Chapter 9, Problem 50A

Interpretation Introduction

Interpretation: The amount of silver nitrate required to completely precipitate chloride ions and the mass of silver chloride obtained is to be calculated.

Concept introduction: The hard solid mass obtained during chemical reaction which is insoluble in water is known as precipitate.

Answer to Problem 50A

The amount of silver nitrate required to completely precipitate chloride ions and the mass of silver chloride obtained is $0.52\text{g}$ and $0.44\text{g}$ , respectively.

Explanation of Solution

The total mass of the sample is $1.054\text{g}$ . The mass percentage of chloride ions in sample is $10.3\%$ . The amount of chloride ions present in the sample is calculated by the formula,

  $m_{{\text{Cl}}^{-}}=m_{\text{S}}\times \frac{10.3}{100}$

Where,

• $m_{\text{S}}$ is the mass of sample.

Substitute the value of mass of sample in the above formula.

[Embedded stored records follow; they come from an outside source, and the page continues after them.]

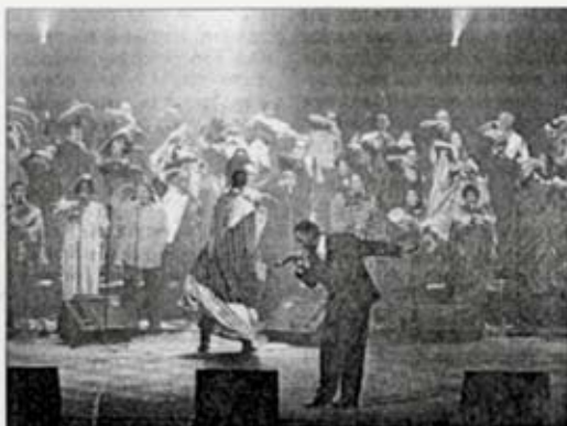
L'émotion et la foi ont envahi Acropolis grâce aux « Gospel aux cent voix ».

Alors la salle, prise par cet élan de fraternité, de swing et de foi se leva, chanta, scanda le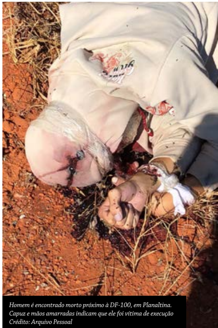
Homem é encontrado morto próximo à DF-100, em Planaltina. Capuz e mãos amarradas indicam que ele foi vítima de execução

Todas essas situações demonstram a falência da Segurança Pública no governo Rollemberg (PSB) e são resultado claro do desinteresse do GDF em investir adequadamente na área. Com informações do Metrôpoles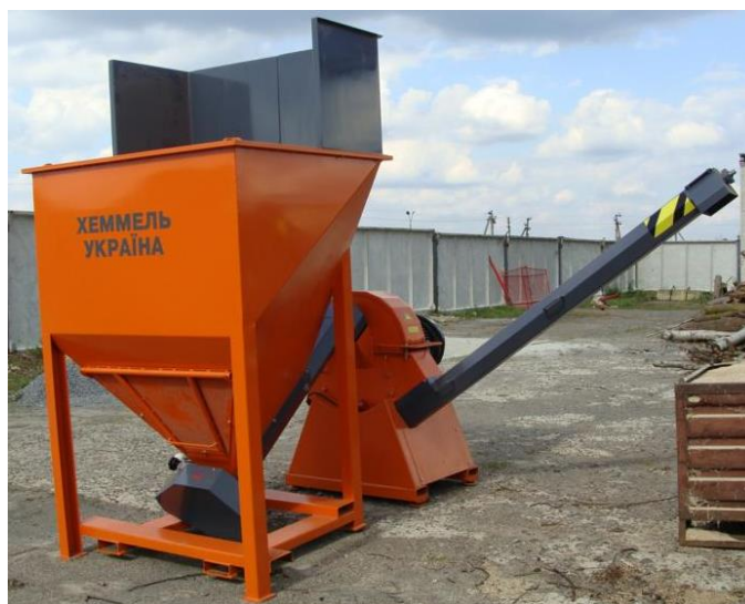
Рисунок 2 – Зовнішній вигляд молоткового подрібнювача RM 800.7

Третім етапом є остаточне подрібнення щепи до розмірів фракції 2...5 мм. Зазначена величина подрібненої щепи як і її вологість в межах 6...8 % забезпечує якісне брикетування. Невідповідність цим вимогам ускладнить процес брикетування та знизить якість горіння, а також зовнішній вигляд брикетів, що вплине на їх реалізацію. Це пов'язано з тим, що при вологості щепи більше 10...15 % під час пресування брикетів вони будуть «розірвані» внутрішнім тиском, створеним рідиною, яка виникає при стисненні подрібненої маси. Остаточне вторинне подрібнення щепи можна проводити за допомогою молоткових подрібнювачів типу RM 800.7 (рис. 2). Їхніми перевагами є простота експлуатації та конструкції.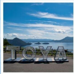
จุดชมวิวจิโฮ

ชมวิวที่สวยงามที่สุดบนทะเลสาบโทยะ ณ จุดชมวิวจิโฮ เมืองสุดแสนโรแมนติก กับถนนสายของหวานชื่อดัง โอตารุ ศิลปะบนนาข้าว เรื่องราวในทุ่งนาสะท้อนจิตวิญญาณแห่งฮอกไกโด ที่ 1 ปี มีครั้งเดียว กิน กิน และ กิน จูใจไปกับเมล่อนเย็นฉ่ำแบบไม่ฉ่ำ ชมฟาร์มโคนมชื่อดัง นิเซโกะ ทาคาฮาชิ กับวิวโยเทแสนพิเศษ สวนดอกไม้กับวิวเทือกเขาที่โด่งดังที่สุดแห่งฮอกไกโด ณ สวนซิกิโซโนะโอกะ พักออนเซ็น 1 คืน!!! พักในเมืองชิโปโร 2 คืน เมฆพิเศษ...บุฟเฟ่ต์เมล่อน, บุฟเฟ่ต์ซาปู, บุฟเฟ่ต์ซาบู, บุฟเฟ่ต์บึงย่าง กรุ๊ปสบายๆ เพียง 20 ท่านเท่านั้น!!!

  $\begin{array}{c}{m}_{{\text{Cl}}^{-}}=1.054\text{g}\times \frac{10.3}{100}\\ =0.108562\text{g}\end{array}$

The number of moles of chloride ions is calculated as,

  $n_{{\text{Cl}}^{-}}=\frac{m_{{\text{Cl}}^{-}}}{M_{{\text{Cl}}^{-}}}$

Where,

• $m_{{\text{Cl}}^{-}}$ is the mass of chloride ions.
• $M_{{\text{Cl}}^{-}}$ is the molar mass of chloride ions $\left(35.45\text{g/mol}\right)$ .

Substitute the value of mass and molar mass of chloride ions in the above formula.

  $\begin{array}{c}{n}_{{\text{Cl}}^{-}}=\frac{0.108562\text{g}}{35.45\text{g/mol}}\\ =3.062\times {10}^{-3}\text{mol}\end{array}$

The chemical reaction that takes place between silver nitrate and chloride ions is,

  ${\text{AgNO}}_3+{\text{Cl}}^{-}\to \text{AgCl}+{\text{NO}}_3{}^{-}$

The molar ratio of silver nitrate and chloride ions is $1:1$ . Hence, the number of moles of silver nitrate used to completely precipitate chloride ions is $3.062\times {10}^{-3}\text{mol}$ .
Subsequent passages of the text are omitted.